出会いのシーンや似たようなやりとりを数話に渡り繰り返している割に、千早の根幹となる出来事の説明話がなく、感謝祭ライブ話で1セリフで終わってるのがなんとも・・・。
これだけではなく、全ての演出において強引さが目立ちます。
話の展開・結果として各話で千早の感じ方が変わった点や、気持ちが動いた点などがありますが、何故千早の気持ちが動いたかという理由の提示が無い。または描写が非常に甘い。
なので、その状態で真面目な演出をすればするほど、効果を乗せれば乗せるほど、シュールギャグみたいに見えてきます。
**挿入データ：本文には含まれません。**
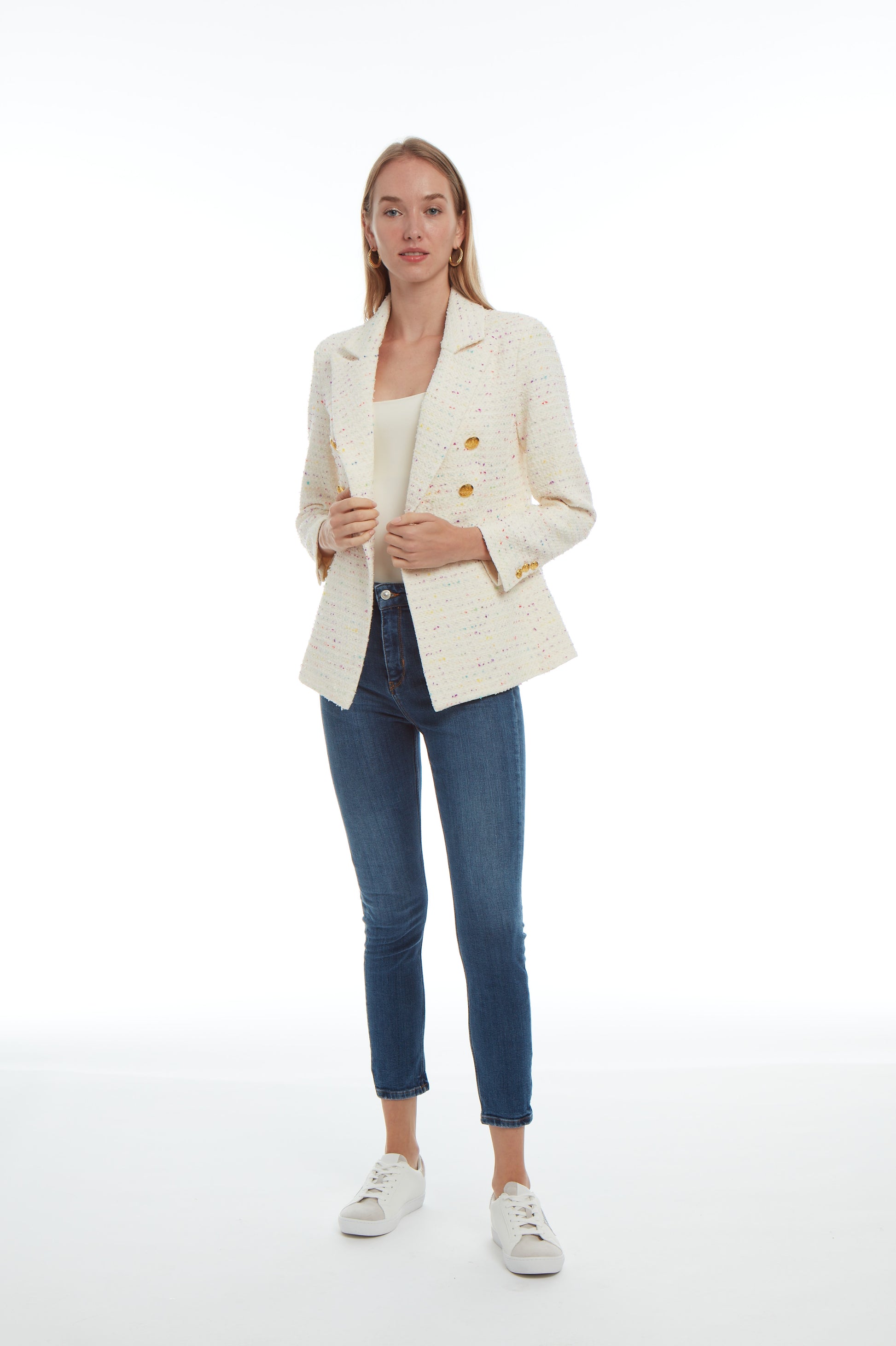 Imported fabric from Lyon, France. Cotton blend. Confetti tweed jacket in our best selling Bermuda style with gold buttons. Final sale, no returns or exchanges.
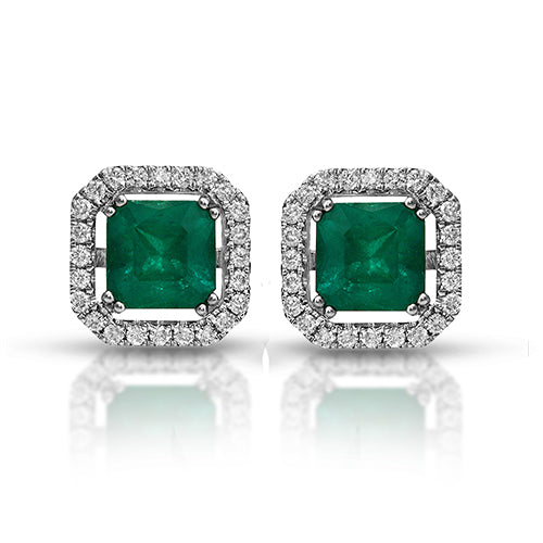 A deep and powerful Emerald gemstone will leave a lasting impression. These beautiful set of Emerald earrings is set on a 14k White gold halo setting with 0.15 ct. round diamonds. Border earrings.
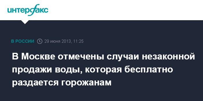 Москва. 29 июня. INTERFAX.RU - Пресс-служба департамента транспорта и развития дорожно-транспортной инфраструктуры Москвы сообщила, что зафиксированы случаи незаконной продажи воды, которая бесплатно раздается москвичам в вестибюлях станций метро в связи с аномальной жарой. "Так, на территории Тимирязевского рынка, находящегося вблизи станции метро Тимирязевская, вода незаконно продавалась неизвестными лицами", - сказали в пресс-службе "Интерфаксу" в субботу.
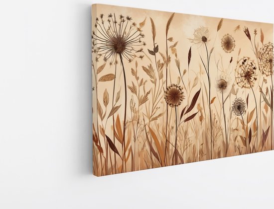Saammp Canvas Schilderij - Vintage Bloemen - Natuur -Abstract - 70x50 - Foto op canvas - Wanddecoratie - Muurdecoratie Woonkamer - Kantoor Decoratie
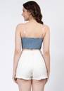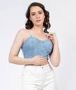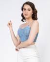 Featuring a slim fit denim enzyme wash corest crop top, designed with perfection to keep you sync with the latest trend. Having sweetheart neckline, smocking work at back, Padded & Invisible Straps contrast color thread detailing making this piece more beautiful. You can elevate the look with heels or with a pair of sneakers. If you’re looking to go comfy, it can be worn under shrug, shirt.
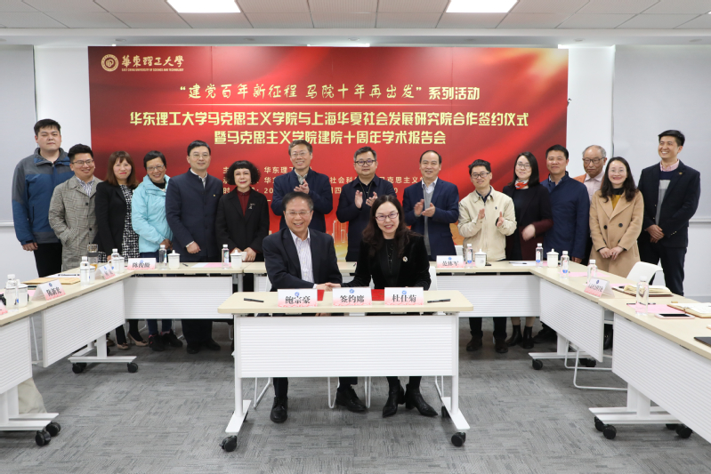 为进一步提升马克思主义学科建设、人才培养水平和上海华夏社会发展研究院服务社会能力,双方以强强联手、优势互补、互利共赢为原则,为学校中青年教师和研究生搭建合作研究平台,以项目合作方式开展互利合作。在领导和嘉宾们的共同见证下,鲍宗豪与杜仕菊代表双方签订合作框架协议。
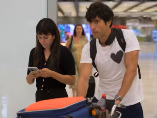 Intentando pasar desapercibidos entre el resto de turistas, el actor fue el encargado de empujar un carro en el que iban todas las maletas y su hijo subido, mientras que Blanca, más seria de lo habitual, estuvo pendiente de su teléfono móvil en todo momento. Apostando por la comodidad para volar, lució shorts negros y blusa blanca, y presumió de su nuevo corte de pelo, protagonizado por un flequillo corto tan complicado de llevar como favorecedor si tienes la belleza de la actriz.
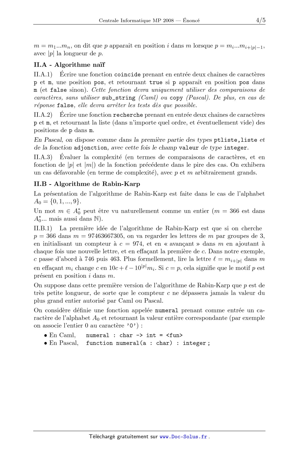 Caml/Pascal) du motif dans le mot. Dans l'exemple precedent, les programmes
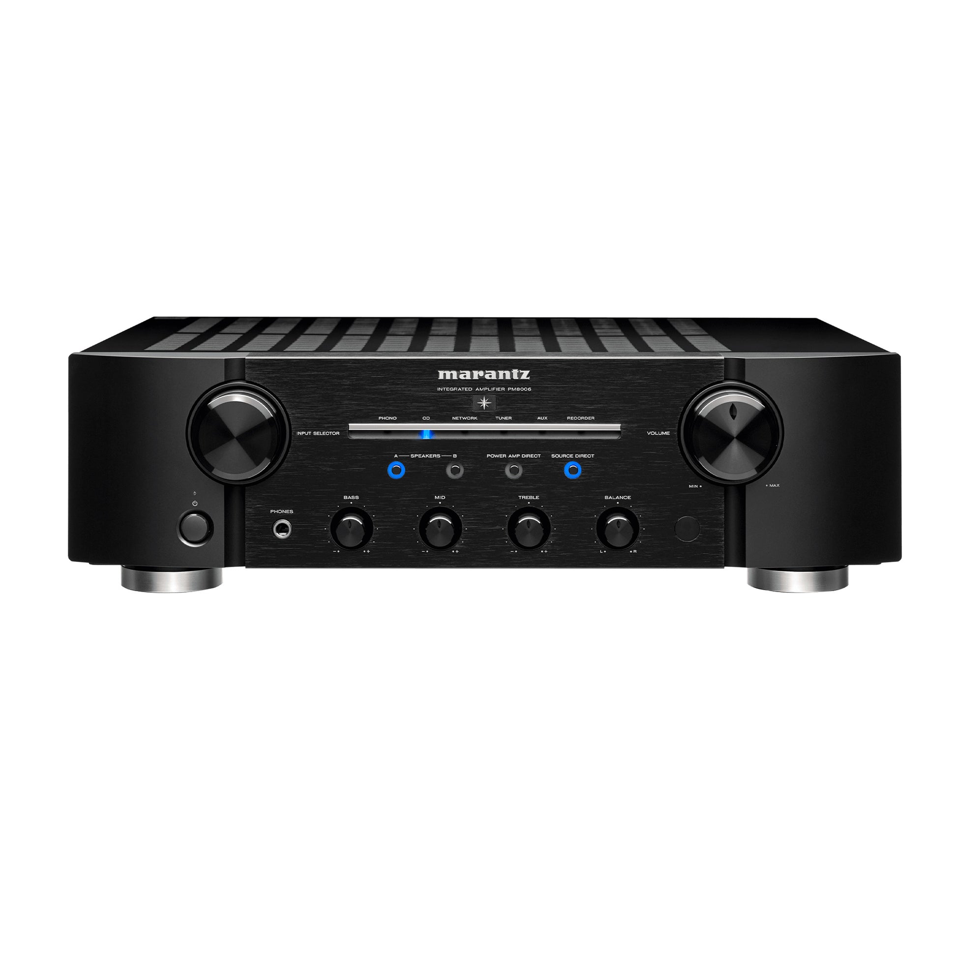 For a long time, Marantz integrated amplifiers have featured high-quality phono stages. We’ve elevated our commitment to vinyl with the Marantz Musical Phono EQ stage, as seen in the PM8006 amplifier. Enjoy the very best playback of all music sources, be they digital or analog. Marantz Musical Phono EQ uses two-stage amplification, allowing less gain per stage for lower distortion. The PM8006 combines Marantz HDAM technology with JFETs (junction gate field-effect transistors) in the input stage, providing high input impedance that eliminates the need for AC coupling capacitors and simplifies the signal path, vastly improving the signal purity overall.

読み手置いてけぼりです。
そういった意味で、原作やアニメを知っているのが大前提なのか?と思いました。
画面作りに追いては全体的に構図や演出・コマ割が見難く、読み取りにくいので、前述の説明不足も合わさって、感情移入しにくいです。
また、これは好みもあるかと思いますが、絵柄やキャラデザや演出など、全体的に表現の方向性が古いです。
ソレに加え、人物作画能力もイマイチなので、今の流行り絵柄などと比べると随分アクの強い作画にみえました。受け入れられる人にはアリでしょうが、なかなか人を選ぶのではないかと思います。
個人的には作画や絵柄にとてもうるさいイメージのある電撃系列なので、話は別として作画は楽しみでしたが、結構残念でした。
また脚本は別の方の協力もあるようですが、その方がそもそも漫画畑の方ではないようなので、ストーリーの方も漫画の文法としてはちょっと違うかな?といった所。
次巻からは早くも千早オンリーではなくユニットの話になるようなフリでしたが、果たしてメインとして千早を掘り下げたいのか千早を含めたユニットで推していきたいのか…。
千早推しで行くのであれば展開的にトバし過ぎかつ、説明不足。
ユニット推しであればそもそもこの1巻が蛇足になりかねません。(前述してきた理由から物語は進んだが、千早とPの関係が何か進んだという読取はあまりできない。)
シリーズファン、千早ファンなら買いかもしれませんが、アニメをみてじゃぁ漫画も見てみようかな・・・というタイプの人にはあまりおすすめできない本です。